Is AI safety about systems becoming malevolent or conscious?

2 min read

Suggest changes in Google Docs

Concern about existential risk from misaligned AI is not based on worries that AI systems will become conscious, turn evil, or develop motivations like revenge or hatred.

People sometimes assume AI risk is about AI acting like a human villain, and fictional representations of AI takeover often concentrate on AIs with villainous motivations because it makes for compelling storytelling. However, experts generally aren’t worried about this. Nor is AI becoming conscious the dangerous part; in Stuart Russell’s words¹, "The primary concern is not spooky emergent consciousness but simply the ability to make high-quality decisions."

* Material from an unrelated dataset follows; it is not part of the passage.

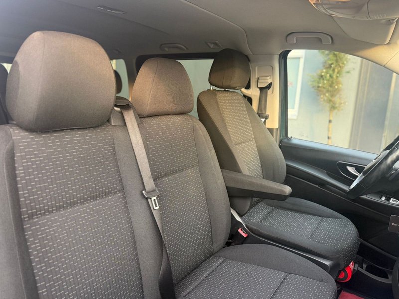 3. Bremsleuchte, Ablagenetz an Vordersitzlehne links, Adaptives Bremslicht, Airbag Beifahrerseite, Airbag Fahrerseite, Anfahrhilfe (Berganfahr-Assistent), Anzeige für Waschwasserstand, Armlehnen Fahrgastraum, Außenspiegel asphärisch, beide, Außenspiegel elektr. verstell- und heizbar, beide, Außentemperaturanzeige, Befestigungsschienen für Dachträger, BlueEfficiency-Paket, Bodenbelag: Fahrgastraum TPO, Bremssystem mit ABS+ASR, Dachverkleidung, Design- und Ausstattungslinie Edition, Edition, Einschaltautomatik für Fahrlicht, Einstiegsgriff hinten, Fahrassistenz-System: aktiver Park-Assistent, Fahrassistenz-System: Anfahr-Assistent (Berganfahr-Assistent), Fahrassistenz-System: Attention-Assist (Müdigkeitserkennungs-Sensor), Fenster im Lade-/FG-Raum: - elektr. ausstellbar, hinten links/rechts, Fenster im Lade-/FG-Raum: - feststehend, vorn links, Fenster im Lade-/FG-Raum: - feststehend, vorn rechts, Frontscheibe mit Scheibenantenne, Generator 250 A, Getriebe Automatik GTronic - (9-Stufen), Getränkehalter vorn, Gurtstraffer, Haltegriffe A-Säulen, Harnstofftank (AdBlue): 24 Ltr., Heckklappe mit Verglasung, Heckscheibe heizbar, Heckscheibenwischer, Innenverkleidung gehobene Ausführung, Karosserie/Aufbau: Kombi Standard, Karosserie/Aufbau: lang, Kindersicherung, Kombiinstrument mit Pixel-Matrix-Display, Komfort-Fahrwerk, Komfortbeleuchtung im Fahrgast-/Laderaum, Kommunikationsmodul (LTE) für digitale Dienste, Kopf-Airbag-System (Windowbag), Kopf-Schulter-Airbag (Thoraxbag) Fahrer-/Beifahrerseite, Lenkrad (Lenksäule mech. verstellbar), Lenkrad mit Multifunktion inkl. Reiserechner, Mercedes-Benz Notrufsystem, Modellpflege, Motor 2,0 Ltr. - 100 kW CDI KAT, Nebelschlussleuchte, PKW-Zulassung, PTC Heater, Radstand 3200 mm, Reifen 225/60 R16C 101/99 H, Reifendruck-Kontrollsystem, Rückspiegel innen, Scheibenwischer mit Regensensor, Schiebetür Lade-/Fahrgastraum rechts mit Verglasung, SCR-System (AdBlue-Technologie), Sicherheitsgurt-System mit Warnanlage (Fahrer-/Beifahrerseite), Sitzbezug / Polsterung: Stoff Caluma, Sitze im Fahrerhaus: Beifahrersitz Komfort, Sitze im Fahrerhaus: Fahrersitz heizbar, Sitze im Fahrerhaus: Fahrersitz Komfort, Sitze im Lade-/FG-Raum: 1.Reihe, 3er-Sitzbank Komfort, Sitze im Lade-/FG-Raum: 2.Reihe, 3er-Sitzbank Komfort, Sonnenblenden mit Spiegel (beleuchtet), Spiegel-Paket, Steckdosen (12V-Anschluß) im Lade-/Fahrgastraum, 2-fach, Umfeldleuchte in Heckklappe, Verglasung hinten abgedunkelt / Schwarzglas, Vlies-Batterie 92 Ah, Warmluftkanal zum Lade-/Fahrgastraum, Wartungsintervall-Anzeige Assyst, Wärmeschutzverglasung

The core concern is that AI systems may become 1) extremely competent at making decisions that achieve their goals, while also being 2) indifferent to things we value highly (like human life or happiness). And unfortunately, many of a highly-competent AI’s plans could have destructive side-effects on anything the AI does not specifically value. Put simply, AI risk comes from systems which pursue their goals without caring about us. (Consider how human actions often kill a lot of insects, not out of malice on our part, but just as a side-effect of other things we're doing.)

In another publication, Russell has written “They need not be “conscious”; in some respects, they can even still be “stupid.” They just need to become very good at affecting the world and have goal systems that are not well understood and not in alignment with human goals (including the human goal of not going extinct).” ↩︎